Greenspan on Seattle.

Rakesh Bhandari bhandari at phoenix.Princeton.EDU
Sat Jan 29 14:43:49 PST 2000


Just want to note that I have received Jim O'Connor's note. Hate to disagree with him.

Some simple replies.

1. The following seems to me to be a fallacy of composition:

"This means that for world economy to grow at any given annual rate, say, two percent, world exports must grow at an increasing rate."

2. I think I have already made the same point about the threat of social protection being used as a weapon to win more concessions for exports and TRIM-TRIP like regulations for US capital. That is why I called the AFL-CIO junior imperialists, and Hoffa Clinton's proletariat bodyguard.

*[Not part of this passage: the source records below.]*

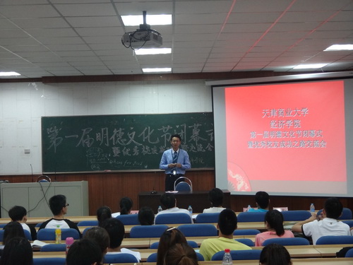 6月27日,经济学院在三教110 室举办了第一届明德文化节闭幕式暨优秀校友成功之路交流会,邀请2003 级校友渣打银行大中华区个人银行账户管理部主管李鑫先生、中国有色集团天津分公司办公室主任杨斌先生分享成功经验。 经济学院副院长王常柏教授、经济学院党委副书记张玉娟老师出席了闭幕式 。
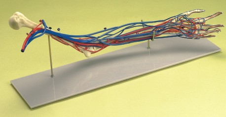 | Armskelett mit Gefäßen Naturabguß eines menschlichen Armes mit Darstellung der Blutgefäße. Gezeigt sind die Ateria brachialis, radialis und ulnaris mit zugehörigen Venen und Wurzelaterien. Das koplette Kreislaufsystem der Hand ist dorsal und palmar dargestellt. Es wurde Wert auf das richtige Größenerhältniss zwischen den einzelnen Gefäßen gelegt um das Studium des Gefäßsystems des Arms zu erleichtern. Auf Stativ. 66x18x28cm | | 6080 403,36 € | |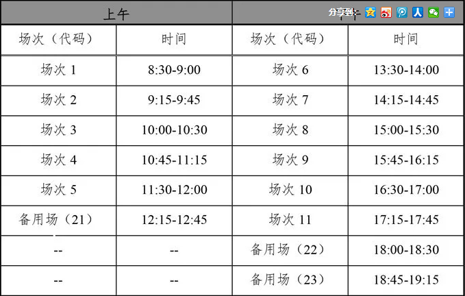(CET-SET6)考试时间为11月22日(S204次),具体场次安排如下: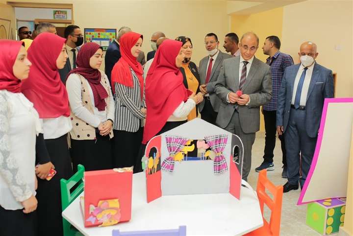 رياض الأطفال، مشيداً بالوسائل التعليمية والترفيهية التى قام بها طالبات كلية التربية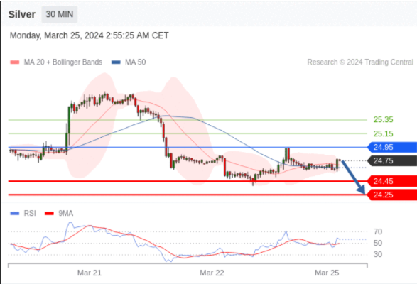 在 24.95 之下,看跌,目标价位为 24.45 ,然后为 24.25 。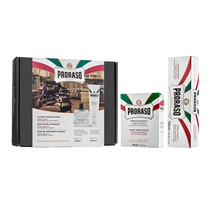 Dárková sada Proraso White je určena pro muže s citlivou pokožkou, která má sklon k podráždění a zarudnutí. Obsahuje krém na holení a balzám po holení z bílé řady Proraso. Krém vytváří jemnou a bohatou pěnu, která zajišťuje hladký skluz strojku a zároveň chrání pleť před podrážděním. Balzám po holení bez alkoholu zklidňuje, hydratuje a podporuje regeneraci pokožky. Jemná kombinace zeleného čaje a ovsa dodává příjemný pocit svěžesti a komfortu.

Haven't I raised this problem already:

"China is Boeings' biggest customer, and China demands local content rules which Boeing hates, hence Seattle was symbolically the right place, for the deadlock between North and South, within the North, within the South (many divisions here), on the one hand, and deadlock between US organized labor and "civil society" vs WTO, on the other hand."

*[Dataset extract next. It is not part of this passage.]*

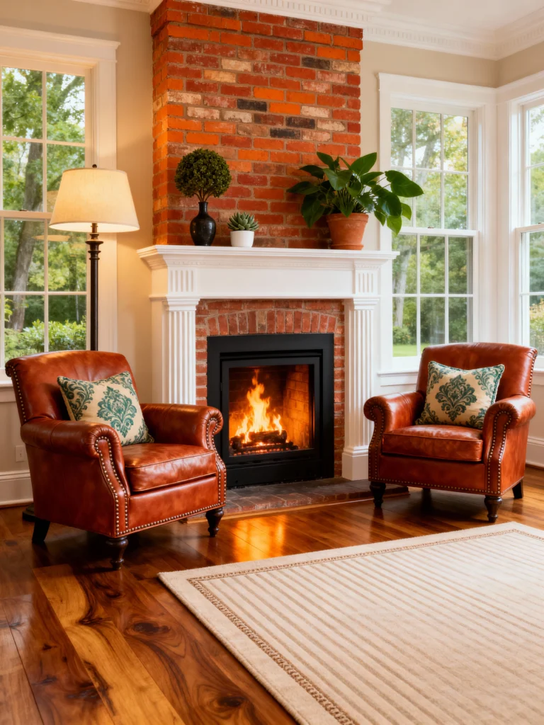 You can never go wrong with a pair of cognac leather armchairs. They just scream “classic.” This setup is perfect for a smaller nook; it’s symmetrical, inviting, and makes the fireplace the undisputed focal point. The green patterned pillows are the perfect “pop” against the warm wood floors and red brick.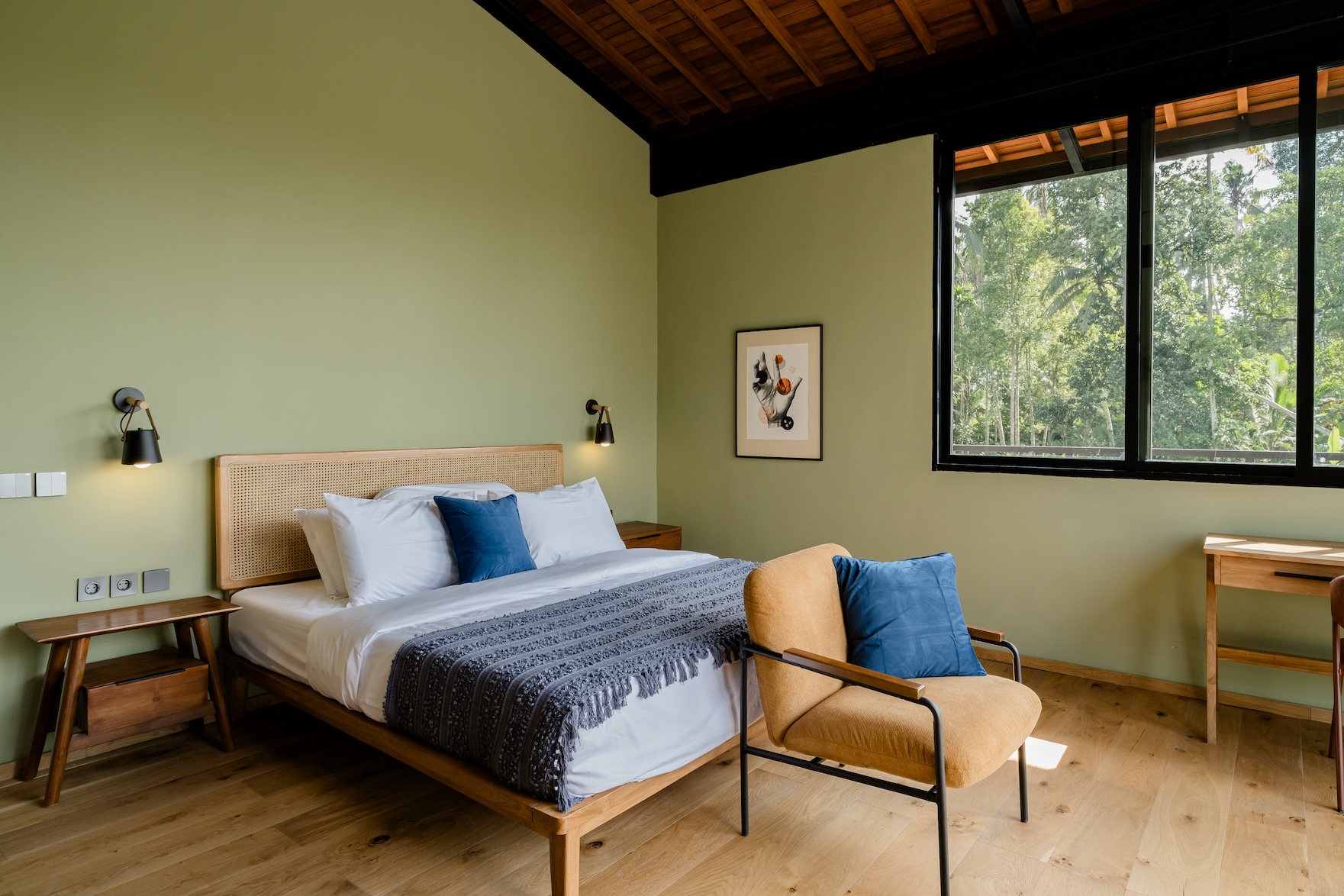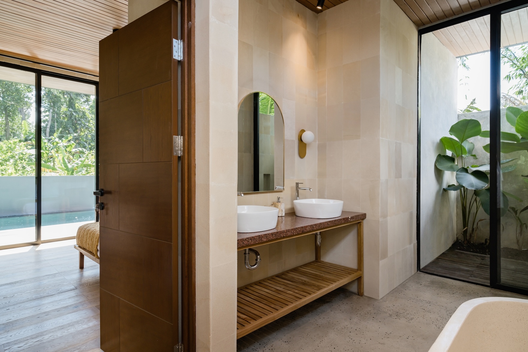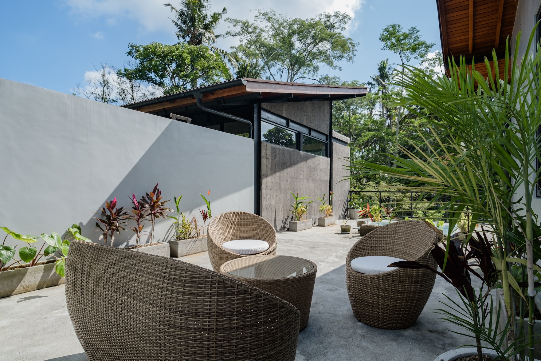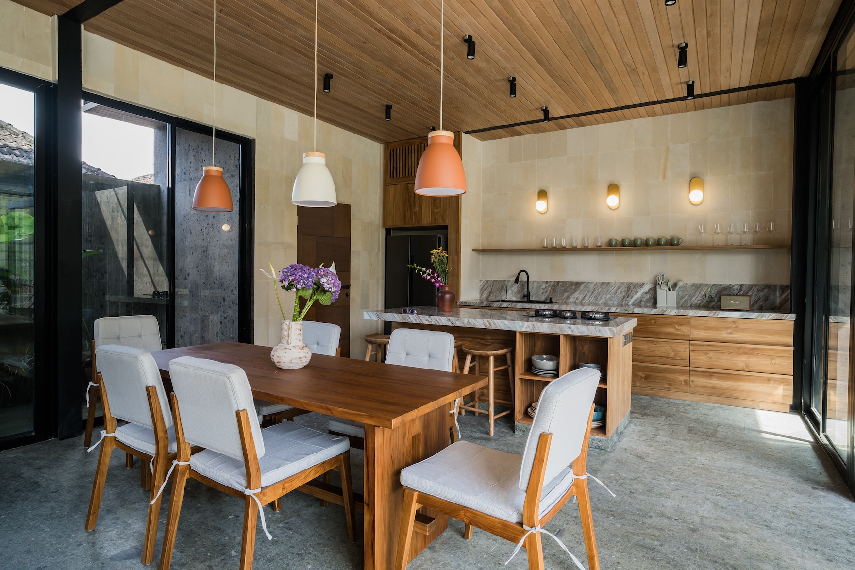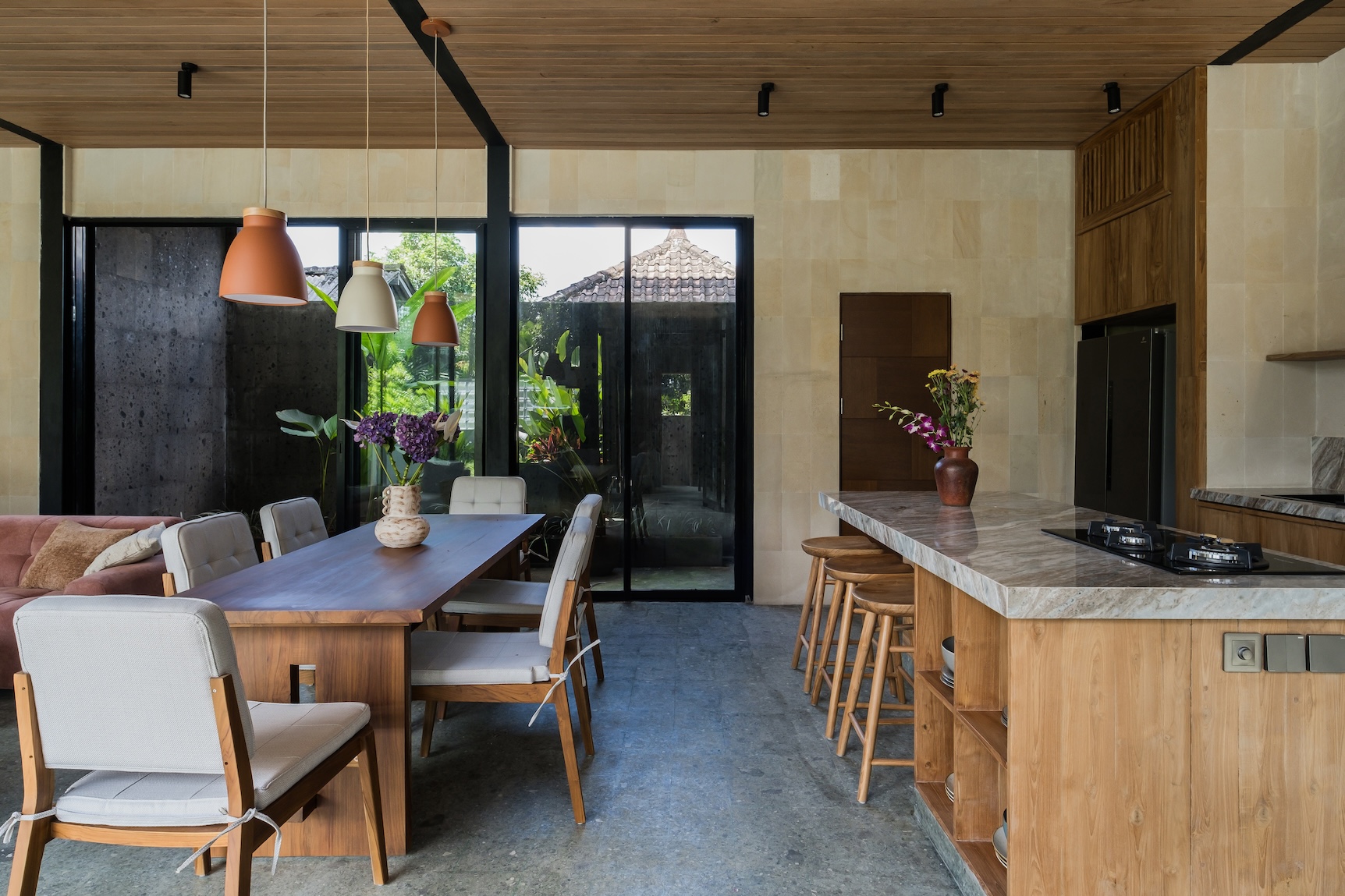 Designed with a strong focus on space, comfort, and visual impact, the villa features varying ceiling heights, natural stone tiles, premium wood parquet flooring, marble tabletops, and high quality custom furniture. Large openings frame the surrounding greenery, while the elevated position ensures the jungle views will never be blocked.

3. While trade grows due to the continuing development of an intl division of labor--one that tends to suit the most advanced countries--such structural change tends to be less dramatic than before. It ony seems otherwise due to the slowdown in gross world product.

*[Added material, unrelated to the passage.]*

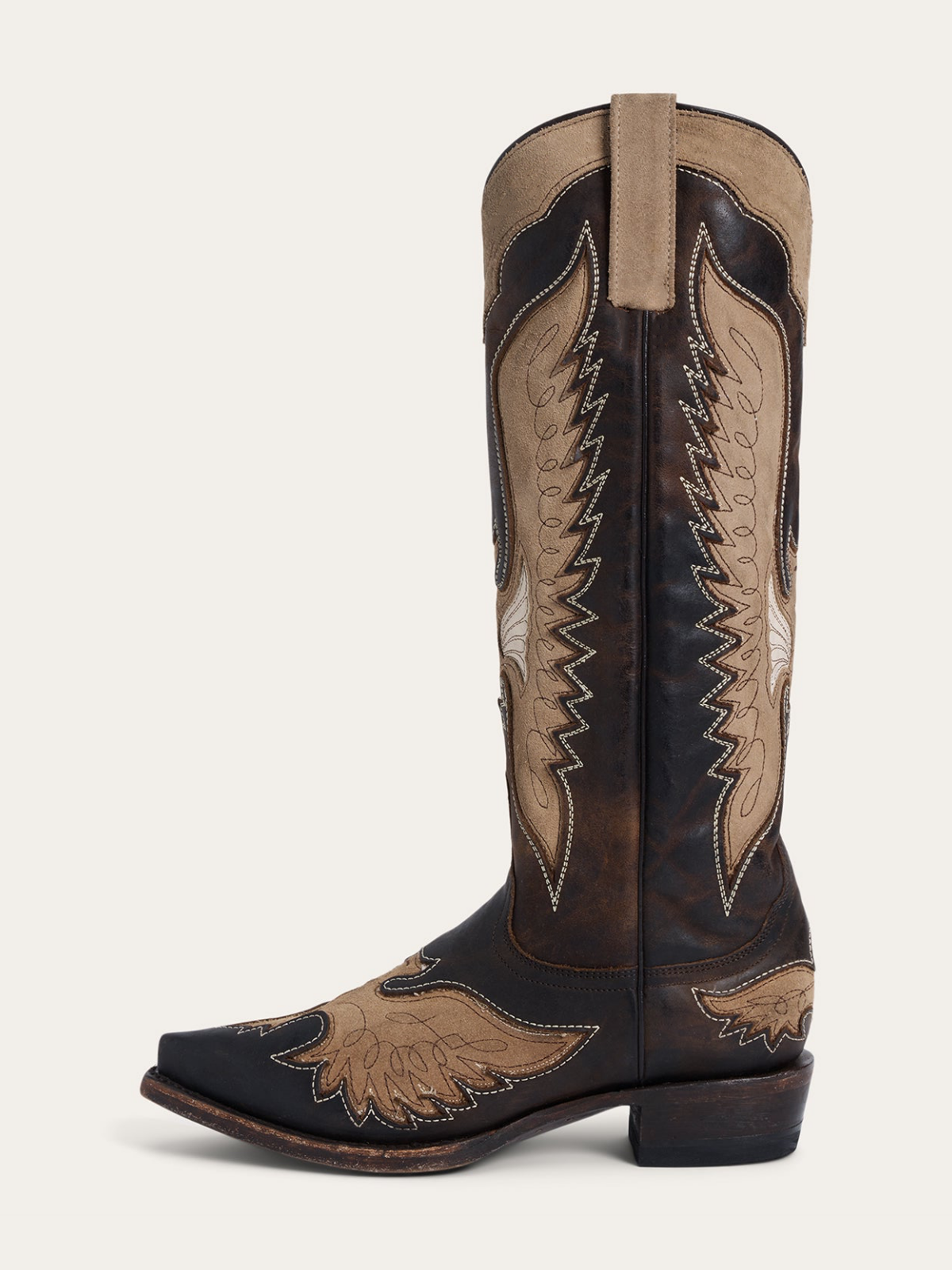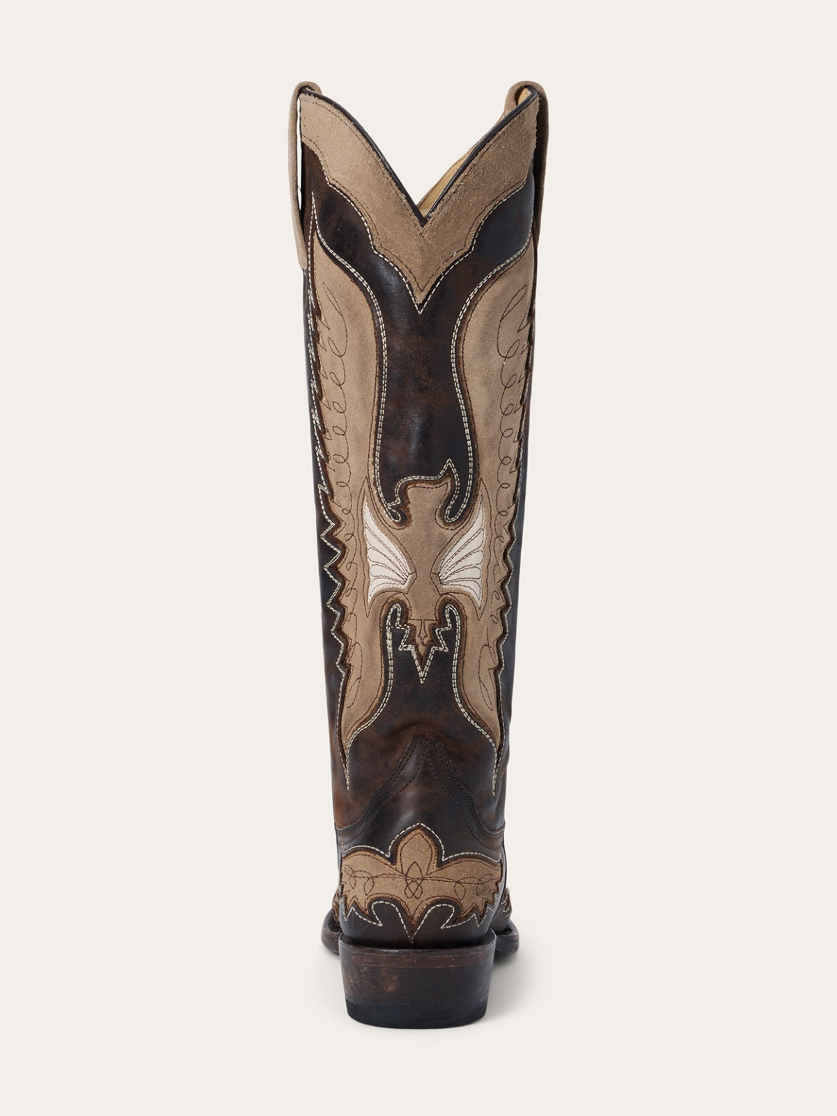 Step into these boots, and it feels as though you're merging with the vast Western landscape. The deep brown vegan leather is reminiscent of rich earth, while the eagle inlay glistens in the sunlight, symbolizing strength and freedom. The tall shaft hugs your calves perfectly, embodying a seamless blend of elegance and resilience.

Giusanni's point is that the structural change and epochal significance associated with globalisation, spurred on by the internet, is a myth: Gross World Product is stagnant, and we are sufferering through a protracted crisis from which there has not yet been an exit.

So I disagree with:

"All he's saying is that world GDP growth has been slow while world trade growth has been fast. Agreed. But why, is the question. Your man doesn't offer a theory, rather an attempt to explain the trade/GDP growth ratio as some kind of statistical illusion."

His point is actually that a new structure of accumulation, based on the possibilities of globalisation itself an oppty afforded by new techs, is an illusion.

4. How we are to understand the shift from ISI to export oriented development (which is consisent with Hans Singer's ideas as long as exports are sufficiently diversified) I agree is an important problem

5. However, I am persuaded by Jim's concluding argument that there there is intensified global competition of the slaughterous sort (though most of the real action of restructuring remains at 'home'); however, I do not think--to repeat myself-- there is a new golden age structure of accumulation of which globalisation is a structural, if not the pivotal, feature.